Nonstandardly, we can characterize a uniformly convergent sequence of functions from $E \subseteq \mathbb{R}$ by $f_n \to f$ uniformly iff $\forall x \in {}^* E . \forall n \in {}^* \mathbb{N}_\infty . f_n(x) \simeq f(x)$
Now, assuming $f_n \to f$ and $g_n \to g$ uniformly, I'm fairly sure the following proof that $f_n + g_n \to f + g$ uniformly goes through:
let $x \in {}^* E$, $n \in {}^* \mathbb{N}_\infty$. Then
$(f_n + g_n)(x) = f_n(x) + g_n(x) \simeq f(x) + g(x) = (f+g)(x)$
(where the $\simeq$ step is because of the uniform convergence of $f_n$ and $g_n$)

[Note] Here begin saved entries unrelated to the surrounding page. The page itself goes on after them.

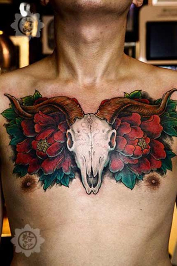欧美彩色花胸羊头纹身_欧美纹身图案大全_纹身图吧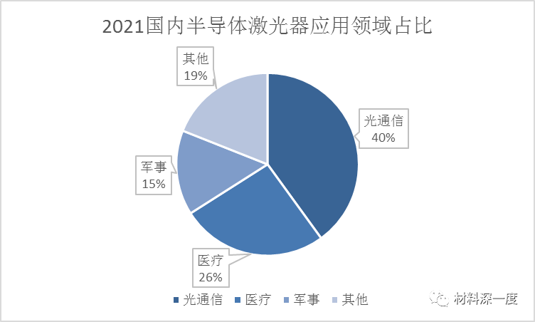 在半導體(ti) 激光器行業(ye) 下遊終端應用市場中,通信、醫療和軍(jun) 事都是最主要的應用領域,經過多年的發展,行業(ye) 下遊環節逐步形成了穩定的發展格局,目前通信領域所占的需求量較其他終端應用市場高,2021年市場占比達40%;其次為(wei) 醫療和軍(jun) 事應用領域分別占比26%和15%,除此之外其他廣泛應用的領域合計占比19%。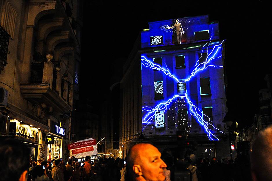 Povodom 160 godina od rođenja slavnog naučnika Nikole Tesle, kompanija Telekom Srbija upriličila je inovativnu 4D projekciju umetničkog projekta „Teslin vremeplov“ u Knez Mihailovoj ulici u Beogradu.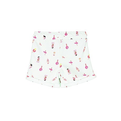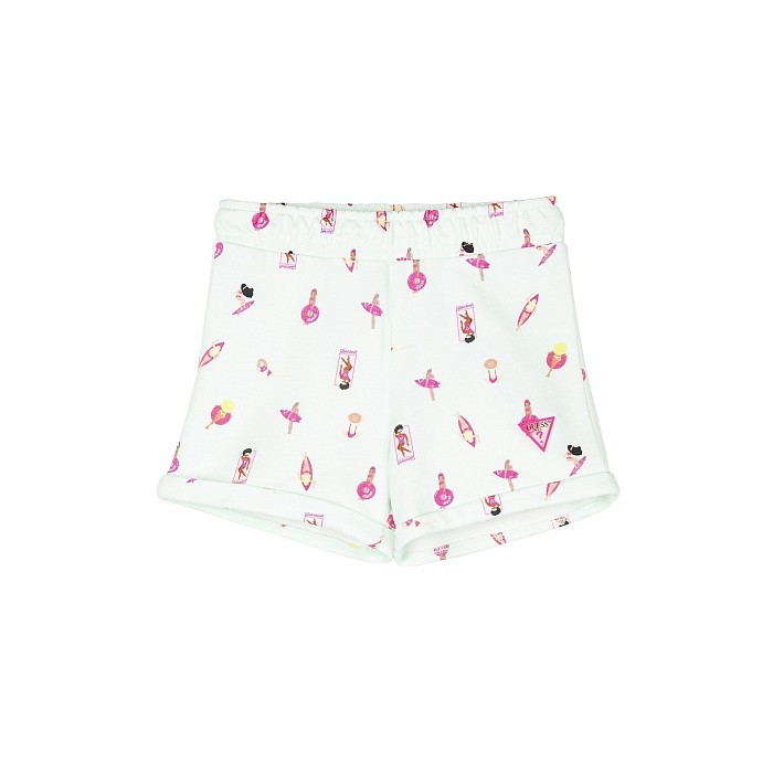 Шорты для девочек Guess – это идеальный выбор для активных девочек! Изготовленные из 100% хлопка, они украшены очаровательным принтом с изображениями девушек на пляже, купальниках и досках для серфинга на светло-серо-зеленом фоне. Нежный цвет и стильный дизайн делают эти шорты не только удобными, но и модными. На фотографиях видна эластичная резинка по талии и мягкая текстура ткани. Качество от бренда США и внимание к деталям делают эту модель отличным выбором для вашего ребенка!

Now, to show that $f_n g_n \to f g$ we also need to know that $f_n$ and $g_n$ are uniformly bounded, but it feels like a similar proof, namely:
$(f_n g_n)(x) = f_n(x) g_n(x) \simeq f(x) g(x) = (fg)(x)$
does not use boundedness, but still feels correct.
There is a well known counterexample, $f_n(x) = g_n(x) = x + \frac{1}{n}$, and here $(f_n g_n)(x) = x^2 + \frac{2x}{n} + \frac{1}{n^2}$ and indeed, for $x = n \in {}^* \mathbb{N}_\infty$ we see $(f_n g_n)(x) = x^2+2 \neq x^2 = (fg)(x)$. I don't even see how this counterexample should break the proof, though...

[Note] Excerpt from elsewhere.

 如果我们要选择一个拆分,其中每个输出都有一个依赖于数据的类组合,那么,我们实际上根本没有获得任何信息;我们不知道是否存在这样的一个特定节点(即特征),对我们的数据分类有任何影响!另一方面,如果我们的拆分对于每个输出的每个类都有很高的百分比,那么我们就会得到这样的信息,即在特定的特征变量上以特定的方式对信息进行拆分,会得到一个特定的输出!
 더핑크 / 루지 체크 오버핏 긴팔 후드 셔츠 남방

Thanks in advance for any help!
The error is that $f_n(x)\simeq f(x)$ and $g_n(x)\simeq g(x)$ does not imply $f_n(x)g_n(x)\simeq f(x)g(x)$ in general. For instance, if $f_n(x)=\epsilon$ is a nonzero infinitesimal and $g_n(x)=1/\epsilon$, we could have $f(x)=0$ and $g(x)=1/\epsilon$, and then $f_n(x)g_n(x)=1$ but $f(x)g(x)=0$.

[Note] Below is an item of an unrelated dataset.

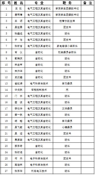 电气工程与自动化学院2018级新生辅导员助理名单公示

If you know that $f$ and $g$ are uniformly bounded, that implies $f_n(x),g_n(x),f(x),$ and $g(x)$ are all limited, which makes the deduction $f_n(x)g_n(x)\simeq f(x)g(x)$ valid. Explicitly, $f(x)g(x)-f_n(x)g_n(x)=f(x)(g(x)-g_n(x))+(f(x)-f_n(x))g_n(x)$ is infinitesimal because $g(x)-g_n(x)$ and $f(x)-f_n(x)$ are infinitesimal and $f(x)$ and $g_n(x)$ are limited.